* Problem description *
The expected result is an exact restatement of the data, free of pictures.

_ _ _ _

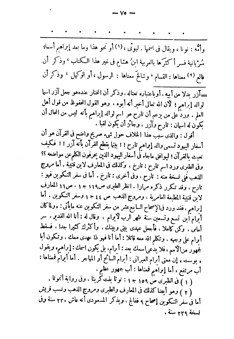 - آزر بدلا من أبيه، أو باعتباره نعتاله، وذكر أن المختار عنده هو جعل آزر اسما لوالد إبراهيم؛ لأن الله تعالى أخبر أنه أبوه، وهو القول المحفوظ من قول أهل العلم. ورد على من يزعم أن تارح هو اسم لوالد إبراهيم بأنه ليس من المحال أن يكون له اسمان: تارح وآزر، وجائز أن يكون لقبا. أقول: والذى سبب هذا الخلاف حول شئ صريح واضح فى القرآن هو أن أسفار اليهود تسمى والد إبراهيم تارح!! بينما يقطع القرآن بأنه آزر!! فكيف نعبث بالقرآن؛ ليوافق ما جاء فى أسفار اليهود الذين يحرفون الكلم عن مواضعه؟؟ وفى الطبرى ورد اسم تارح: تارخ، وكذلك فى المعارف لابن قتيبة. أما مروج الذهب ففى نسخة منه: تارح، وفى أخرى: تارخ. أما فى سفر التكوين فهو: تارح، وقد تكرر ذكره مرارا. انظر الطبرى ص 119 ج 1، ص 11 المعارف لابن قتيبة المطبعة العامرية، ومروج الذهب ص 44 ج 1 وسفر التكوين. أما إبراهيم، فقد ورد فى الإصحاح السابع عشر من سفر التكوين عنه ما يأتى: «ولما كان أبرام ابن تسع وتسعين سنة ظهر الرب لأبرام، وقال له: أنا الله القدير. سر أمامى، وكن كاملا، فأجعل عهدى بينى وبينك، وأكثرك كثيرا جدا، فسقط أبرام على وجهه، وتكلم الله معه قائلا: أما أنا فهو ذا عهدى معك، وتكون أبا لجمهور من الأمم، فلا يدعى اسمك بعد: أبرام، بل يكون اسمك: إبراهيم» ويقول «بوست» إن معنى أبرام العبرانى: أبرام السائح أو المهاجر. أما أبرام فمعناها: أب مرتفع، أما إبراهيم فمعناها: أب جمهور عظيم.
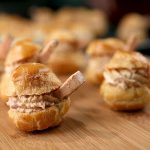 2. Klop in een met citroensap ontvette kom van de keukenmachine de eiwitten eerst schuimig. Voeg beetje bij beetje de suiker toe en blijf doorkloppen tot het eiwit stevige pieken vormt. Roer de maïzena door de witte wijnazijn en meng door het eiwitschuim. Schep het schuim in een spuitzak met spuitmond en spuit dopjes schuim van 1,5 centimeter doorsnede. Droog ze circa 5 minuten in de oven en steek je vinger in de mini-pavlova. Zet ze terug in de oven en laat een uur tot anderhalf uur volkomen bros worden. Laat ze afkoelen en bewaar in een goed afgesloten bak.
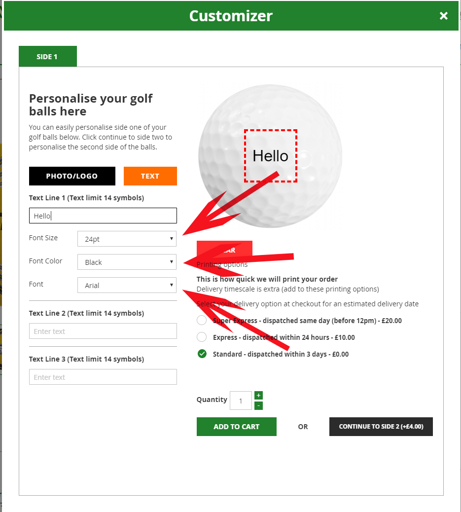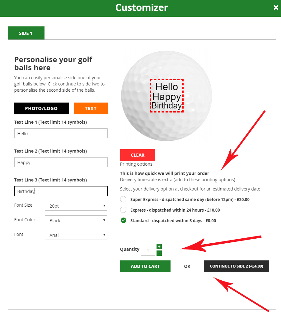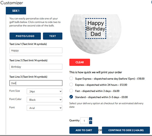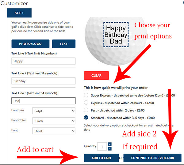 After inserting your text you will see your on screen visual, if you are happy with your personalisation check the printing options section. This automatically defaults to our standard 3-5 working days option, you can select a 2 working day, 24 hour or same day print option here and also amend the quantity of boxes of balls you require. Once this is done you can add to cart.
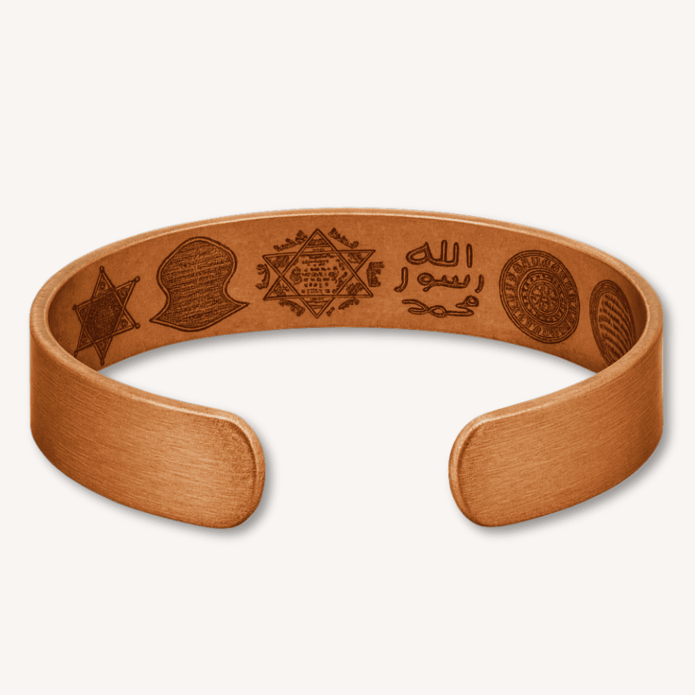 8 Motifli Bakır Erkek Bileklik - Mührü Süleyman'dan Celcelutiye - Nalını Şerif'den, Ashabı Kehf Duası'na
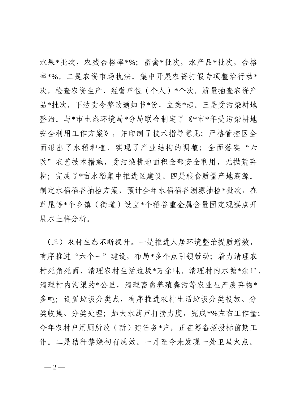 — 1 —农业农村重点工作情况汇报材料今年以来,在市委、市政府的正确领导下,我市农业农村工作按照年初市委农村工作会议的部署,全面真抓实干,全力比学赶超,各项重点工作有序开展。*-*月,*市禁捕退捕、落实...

_ _ _ _

* Output below *
 - آزر بدلا من أبيه، أو باعتباره نعتاله، وذكر أن المختار عنده هو جعل آزر اسما لوالد إبراهيم؛ لأن الله تعالى أخبر أنه أبوه، وهو القول المحفوظ من قول أهل العلم. ورد على من يزعم أن تارح هو اسم لوالد إبراهيم بأنه ليس من المحال أن يكون له اسمان: تارح وآزر، وجائز أن يكون لقبا. أقول: والذى سبب هذا الخلاف حول شئ صريح واضح فى القرآن هو أن أسفار اليهود تسمى والد إبراهيم تارح!! بينما يقطع القرآن بأنه آزر!! فكيف نعبث بالقرآن؛ ليوافق ما جاء فى أسفار اليهود الذين يحرفون الكلم عن مواضعه؟؟ وفى الطبرى ورد اسم تارح: تارخ، وكذلك فى المعارف لابن قتيبة. أما مروج الذهب ففى نسخة منه: تارح، وفى أخرى: تارخ. أما فى سفر التكوين فهو: تارح، وقد تكرر ذكره مرارا. انظر الطبرى ص 119 ج 1، ص 11 المعارف لابن قتيبة المطبعة العامرية، ومروج الذهب ص 44 ج 1 وسفر التكوين. أما إبراهيم، فقد ورد فى الإصحاح السابع عشر من سفر التكوين عنه ما يأتى: «ولما كان أبرام ابن تسع وتسعين سنة ظهر الرب لأبرام، وقال له: أنا الله القدير. سر أمامى، وكن كاملا، فأجعل عهدى بينى وبينك، وأكثرك كثيرا جدا، فسقط أبرام على وجهه، وتكلم الله معه قائلا: أما أنا فهو ذا عهدى معك، وتكون أبا لجمهور من الأمم، فلا يدعى اسمك بعد: أبرام، بل يكون اسمك: إبراهيم» ويقول «بوست» إن معنى أبرام العبرانى: أبرام السائح أو المهاجر. أما أبرام فمعناها: أب مرتفع، أما إبراهيم فمعناها: أب جمهور عظيم.
 2. Klop in een met citroensap ontvette kom van de keukenmachine de eiwitten eerst schuimig. Voeg beetje bij beetje de suiker toe en blijf doorkloppen tot het eiwit stevige pieken vormt. Roer de maïzena door de witte wijnazijn en meng door het eiwitschuim. Schep het schuim in een spuitzak met spuitmond en spuit dopjes schuim van 1,5 centimeter doorsnede. Droog ze circa 5 minuten in de oven en steek je vinger in de mini-pavlova. Zet ze terug in de oven en laat een uur tot anderhalf uur volkomen bros worden. Laat ze afkoelen en bewaar in een goed afgesloten bak.
 After inserting your text you will see your on screen visual, if you are happy with your personalisation check the printing options section. This automatically defaults to our standard 3-5 working days option, you can select a 2 working day, 24 hour or same day print option here and also amend the quantity of boxes of balls you require. Once this is done you can add to cart.
 8 Motifli Bakır Erkek Bileklik - Mührü Süleyman'dan Celcelutiye - Nalını Şerif'den, Ashabı Kehf Duası'na
 — 1 —农业农村重点工作情况汇报材料今年以来,在市委、市政府的正确领导下,我市农业农村工作按照年初市委农村工作会议的部署,全面真抓实干,全力比学赶超,各项重点工作有序开展。*-*月,*市禁捕退捕、落实...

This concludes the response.